Образцом для статуи Карла Анжуйского могла быть сходная с ней статуя великого Фридриха, или художник воспользовался, как моделью, фигурой сидящего Петра в Ватикане; может быть также, что он изучал какое-нибудь мраморное изображение древнего императора, одиноко остававшееся еще между развалинами Форума. Однако и сам король Карл служил моделью для своей статуи, так что она есть настоящий портрет с натуры; она является неоценимым памятником средневекового Рима, отделенным веками варварства от мраморных статуй Позидиппа и Менандра или от богоподобного, сидящего на троне Нервы, находящегося в Ватиканском музее; но она полна энергии, как и век гвельфов и гибеллинов, и выразительна в своей грубой реальности. Резец более совершенного художника едва ли мог бы так хорошо представить в лице убийцы Конрадина изображение тирана, как это удалось неискусной руке скульптора XIII века, который, несмотря на соединение античного идеального одеяния с историческим портретом, передал натуру Карла, не идеализировав ее.
Идея воздвигать в честь выдающихся людей их статуи снова является во времена Бонифация VIII. Многие города, особенно те, в которых он был подестой, поставили ему статуи; таковы Орвието, Флоренция, Ананьи, Рим в Ватикане и Латеране. Даже Болонья в 1301 г. поставила его статую перед городской ратушей. Враги его ставили ему это в упрек: в обвинительной записке Ногаре определенно сказано, что Бонифаций велел поставить в церквях свои серебряные изображения, чтобы совратить народ в идолопоклонство, — разительное доказательство варварского представления, существовавшего об этом художественном направлении в тогдашней Франции. Впрочем, то, что оставалось от статуй этого знаменитого папы, не указывает на свободное развитие портретной скульптуры. Сидячая фигура на внешней стене собора в Ананьи даже поражает своей грубостью и неуклюжестью, напоминая фигуры идолов.
Большее значение, чем скульптура, получила в Риме живопись, которая имела свои зачатки в древних базиликах. Самые старинные картины XIII века находятся в церкви С.-Лоренцо и относятся ко времени Гонория III, который возобновил эту красивую базилику. По его приказанию как передний притвор, так и внутренность церкви были расписаны фресками; они отчасти полиняли, отчасти лишь недавно так заново были реставрированы, что потеряли свой первоначальный вид. В них виден грубый, но живой характер неразвитого искусства, подобно настенной живописи, находящейся в капелле четырех венценосцев, в церкви Св. Сильвестра, относящейся к тому же времени. Впрочем, они свидетельствуют о применении фресковой живописи на больших поверхностях стен в начале XIII века; с такой полнотой в таких размерах она проявляется еще только в пещерной церкви в Субиако.

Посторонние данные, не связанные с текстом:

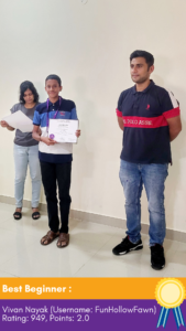 Best Beginner: Vivan Nayak (Username: FunHollowFawn) Rating: 949, Points: 2.0

С наступлением времени Чимабуэ и Джотто, творца циклической Стенной живописи, искусство великолепно расцвело в Италии, как это доказывают нам Ассизи, Падуя и Флоренция. Знаменитый флорентинец Чимабуэ прибыл в Рим около 1270 г., потом работал в Ассизи, после чего еще раз возвратился в Рим. Как на памятник его пребывания в Риме, следует смотреть на изображение римских монументов или на план города, находящийся в церкви Св. Франциска в Ассизи. Джотто писал в Риме между 1298 и 1300 гг. Его фрески в храме Св. Петра и в латеранской юбилейной ложе Бонифация VIII, к несчастью, погибли также, как потеряны и картины его ученика Пьетро Каваллини. Только обломок фрески работы Джотто, изображающий Бонифация VIII с портретно верными чертами, объявляющего из ложи о наступлении юбилейного года, можно видеть и теперь под стеклом на столбе в Латеране. Прославленный Дантом рисовальщик миниатюр Одеризио де Губио получил также от Бонифация VIII работу в Риме, где он и умер в 1299 г. Папа поручил ему и Франку Болонскому украсить миниатюрами книги для Латеранской библиотеки.

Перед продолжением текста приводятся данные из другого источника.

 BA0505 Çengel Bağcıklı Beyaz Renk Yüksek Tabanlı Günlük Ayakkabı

Хорошие произведения были созданы в XIII веке мозаичной живописью; они еще и теперь украшают некоторые церкви. Это национально-римское искусство еще в VI веке произвело много прекрасного, потом пришло в упадок и в XII веке вновь пробудилось. В XIII веке тосканское влияние способствовало его мощному развитию, не изменив этим существенно его римско-христианского идеала. Здесь работы начинаются с Гонория III; они грубы и неискусны, как на фризе притвора в С.-Лоренцо и в нишах С.-Констанцы у св. Агнессы, которая относится ко времени Александра IV; затем получают более свободный вид. Уже Гонорий III начал мозаичную картину за трибуной, которая была потом окончена Николаем III, бывшим тогда еще аббатом этого монастыря. Поэтому это произведение носит на себе двойственный характер; но им уже начинается вторая эпоха римской живописи, которая сначала была насильственно приостановлена в своем развитии последствиями Авиньонского пленения.

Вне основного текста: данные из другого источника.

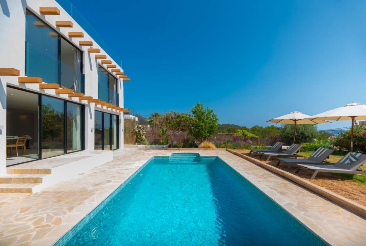 An exclusive villa in one of Ibiza’s most sought-after locationsIn the heart of the prestigious Cap Martinet district, on the east coast of Ibiza, lies Can Pont – a modern dream villa that perfectly embodies the island’s lifestyle: luxury, light, and openness. Cap Martinet is considered one of the island’s most exclusive residential areas, loved by celebrities, design enthusiasts, and people who value peace and privacy. The location is unique: just a few minutes away are Marina Botafoch, the beaches of Talamanca and S’Estanyol, and Ibiza’s Old Town. Yet, here you can enjoy complete tranquility, surrounded by Mediterranean nature and breathtaking sea views. This combination of privacy, central location, and natural beauty makes Cap Martinet one of the most desirable places in Ibiza.Architectural masterpiece in Blakstad style with thoughtful interiorCompleted in May 2025, Can Pont impressively combines traditional architecture with state-of-the-art comfort. The home is entirely new and was planned from the beginning with the highest quality in mind – in the authentic style of the renowned Blakstad architecture. With around 412 m² of living space, the house offers five spacious bedrooms and six stylish bathrooms and guest WCs, four of them en suite. The open living room with large double-glazed sliding doors is bright and seamlessly connects to the terrace. The newly designed kitchen is a real eye-catcher: custom-made with a side-by-side fridge-freezer, a large wine cooler, a Siemens StudioLine downdraft extractor with matching induction hob, and a 90 cm oven – all perfectly integrated into a sleek modern design. All furniture is new, including the washer, dryer, and all technical equipment. The entire living area has underfloor heating and additional radiators, powered by a new oil and electric heating system. Each room has air conditioning for both cooling and heating. A separate laundry room, wine cellar, safe, high-speed fiber internet, and Sonos sound system indoors and outdoors highlight the property’s premium quality.A garden to enjoy – pool, terraces and Mediterranean landscapingThe approximately 780 m² plot is beautifully landscaped with olive trees, fruit trees, and cypresses. An automatic irrigation system makes maintenance easy. The garden is completely enclosed and offers full privacy. The outdoor highlight is the large 30 m² pool with an adjacent heated outdoor shower. Various sunny and shaded terraces invite relaxation – perfectly complemented by a fully equipped outdoor kitchen with BBQ grill and traditional wood-fired oven, ideal for Mediterranean evenings with friends. The spectacular rooftop terrace with 180-degree panoramic views of the sea, Dalt Vila, and even Formentera is perfect for unforgettable sunsets. A jacuzzi can be optionally integrated. Additional features include a double garage with covered direct access to the house, a modern video surveillance system, and an alarm system connected to a security company. The house not only offers exceptional living comfort but also expansion potential. The already-prepared basement can be converted on request into a wellness area with sauna and gym – this option can be realized upon request. Shops, cafés, and popular restaurants in Jesús are within walking distance – whether for a quick breakfast, a relaxed lunch, or an elegant dinner. The proximity to the city, combined with peace, quality, and spectacular views, makes Can Pont a unique place for anyone looking for a modern home with soul in Ibiza.

В конце XIII века в Риме процветала школа мозаистов, во главе которой навеки прославился Джакопо делла Туррита со своим сотоварищем Иаковом де Камерино. Полагают, что оба они были монахами ордена миноритов. Францисканское одушевление, создавшее в Ассизи союзный храм итальянских искусств, действовало вообще оживляющим образом на творческую деятельность Италии. Туррита исполнил скульптурную работу Латеранской трибуны при Николае IV в виде ряда изображений святых и символов с таким богатством живописи, какого Рим не видал уже в течение столетий. Центральным пунктом всей композиции является сверкающий драгоценными камнями крест под более древним поясным изображением Спасителя; он разделяет группы фигур. Оба новых святых, Франциск и Антонии, помещены здесь точно под апостолами, но в качестве вновь принятых — в самом скромном виде.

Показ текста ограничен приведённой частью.